I couldn’t help but smirk at this brilliantly delivered paradox and hoped it served as proof that she too was playing the game though just more skillfully than me.
“Don’t laugh at me!”, she ordered upon catching sight of my waning smile and whatever fading hope I had of this game being equally understood vanished.
“Ok! Ok!”, I began as she sped thru community neighborhoods and wiped tears from her eyes.
“Of course I was joking!”, still not ready to call it lying. “It’s Superman! I do not think that Superman is real.”
“Then why did you say that?”
In a dispassionate conversation about the fact versus fiction status of Superman, I would laugh at such a question but I had to realize that Superman had long dropped from being the actual topic. Her voice trembled, questions fractured from gasps between sobs, her entire body spoke of pain and anger and pedestrians were in very real danger as we careened thru the streets. How did this happen, I stupidly wondered?
“It was a joke!”, I exclaimed. A telltale phrase underlining that everything had gone to hell.
“I asked you to be honest and you lied to me! Why would you do that?”

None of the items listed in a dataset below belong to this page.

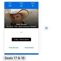 Garth Brook Tickets Charlotte NC July 15, 2022$400Pompano Beach, FL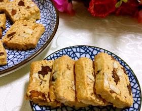 - 4. 再分别放入燕麦片、面粉、玉米淀粉、红枣核桃颗粒,搅拌均匀。揉成面团。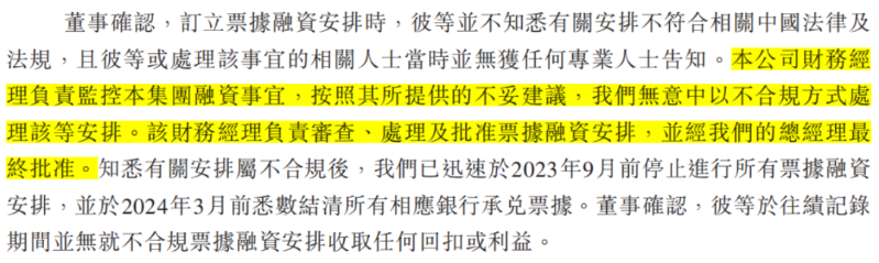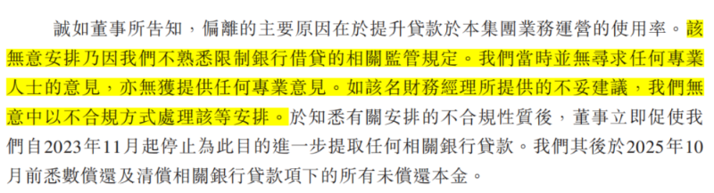对于这些违规行为,禹王生物将责任归咎于财务经理,其解释称:“公司财务经理负责监控本集团融资事宜,按照其所提供的不妥建议,我们无意中以不合规方式处理该等安排”,“偏离的主要原因在于提升贷款于本集团业务运营的使用率。财务经理所提供的不妥建议,我们无意中以不合规方式处理该等安排。”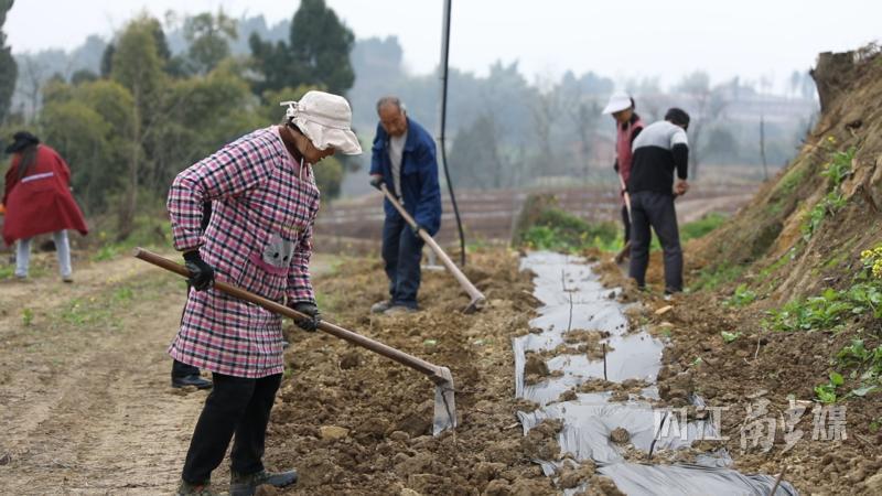 2月28日,威远县镇西镇核丰村,乡间田野透着春耕生产的气息,十余位村民忙着翻耕、管护、播种、覆膜等春季农事。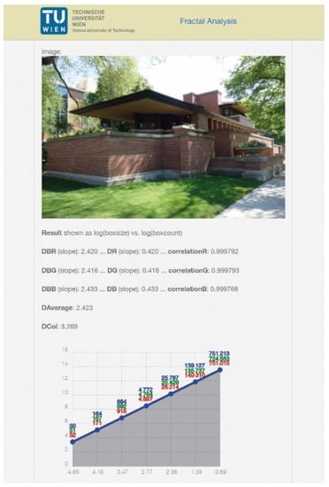 The above-mentioned color analysis methods, which form the basis for the mobile phone application FRACAM, are particularly aimed at measuring correlations with results of the extended measurement methods for color photos. In [] several series of measurements were carried out, including the Robie House, whereby no correlation could be found between the fractal dimension and the mean color value, the predefined color areas, the saturation or the brightness. From this, it can be inferred that apparently the color of an image does not influence the result to an extent as significant as the shapes of the objects under scrutiny, i.e., the building and its surroundings.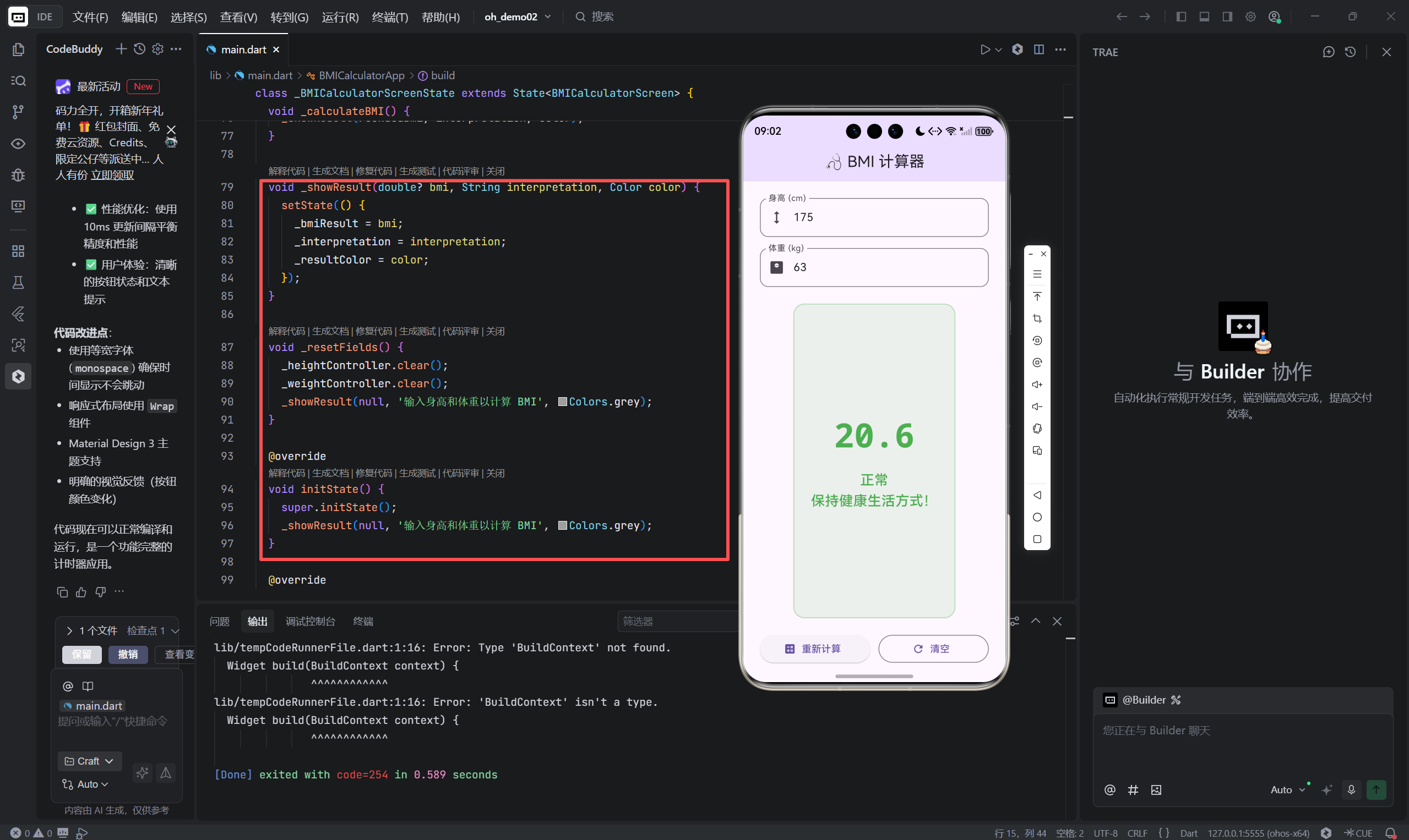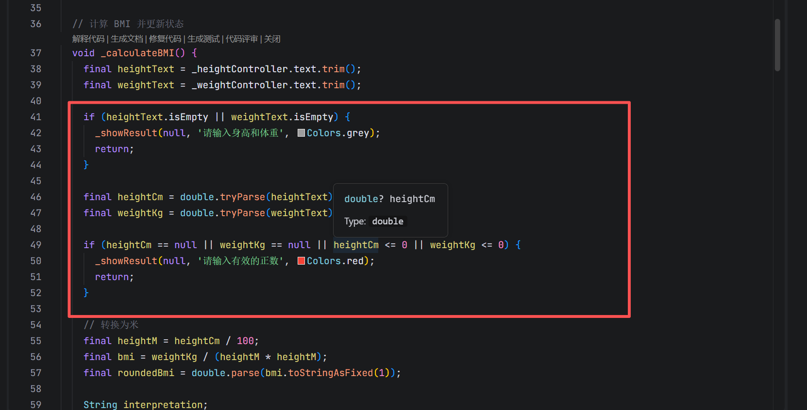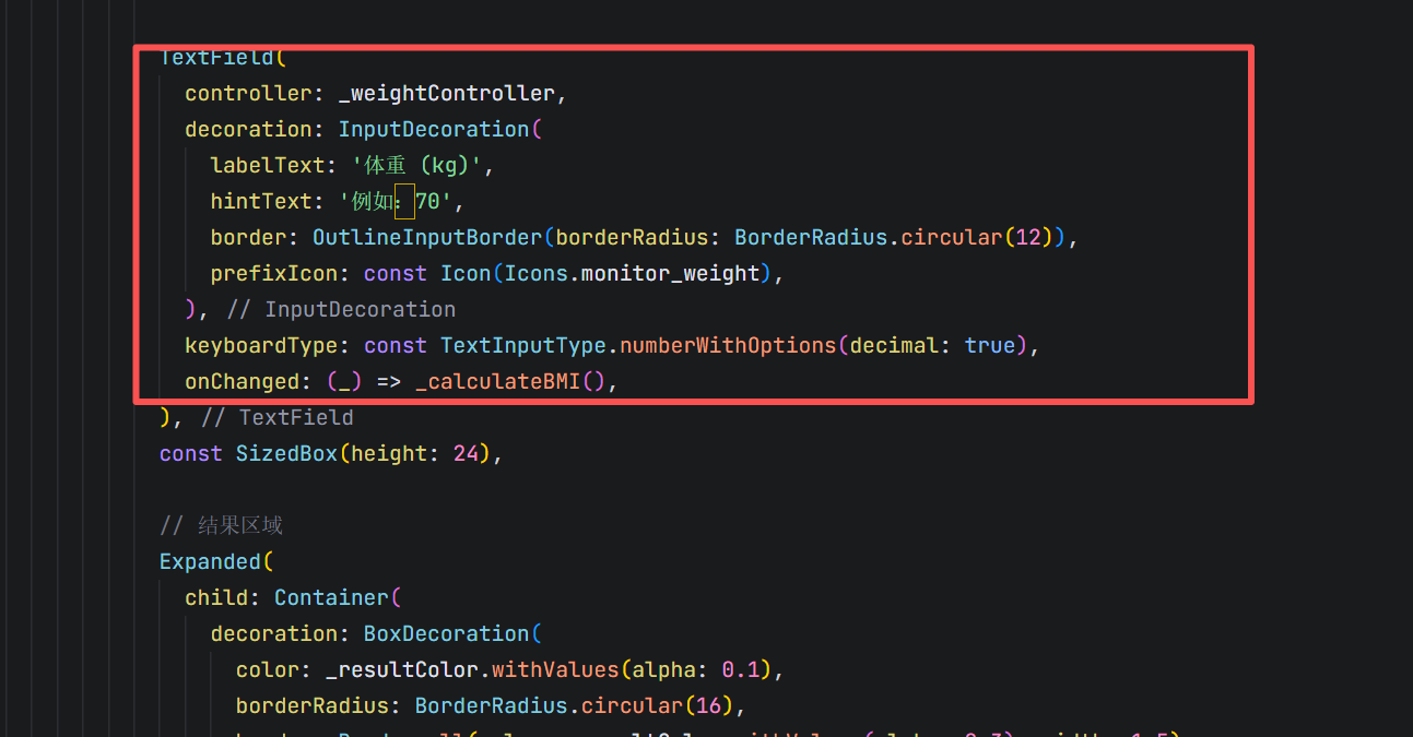 每次用户输入字符,立即调用 _calculateBMI()。这种方式提供 即时反馈,符合现代 UX 期望。

A repeat of this question and answer went on for another minute before she slammed on the brakes and yelled, “Fine! Get out!”
I rushed out of the car, with a mixed sense of freedom and shame. As the door swung to close, she sped off thru a stop sign and past several suburbanites. They stared incredulously at her car as it whipped past them ignoring most every law and then they turned their gazes towards me. Feeling a need to offer justification and continuing to reveal my confusion, I murmured, “Sorry, we had a fight about Superman.”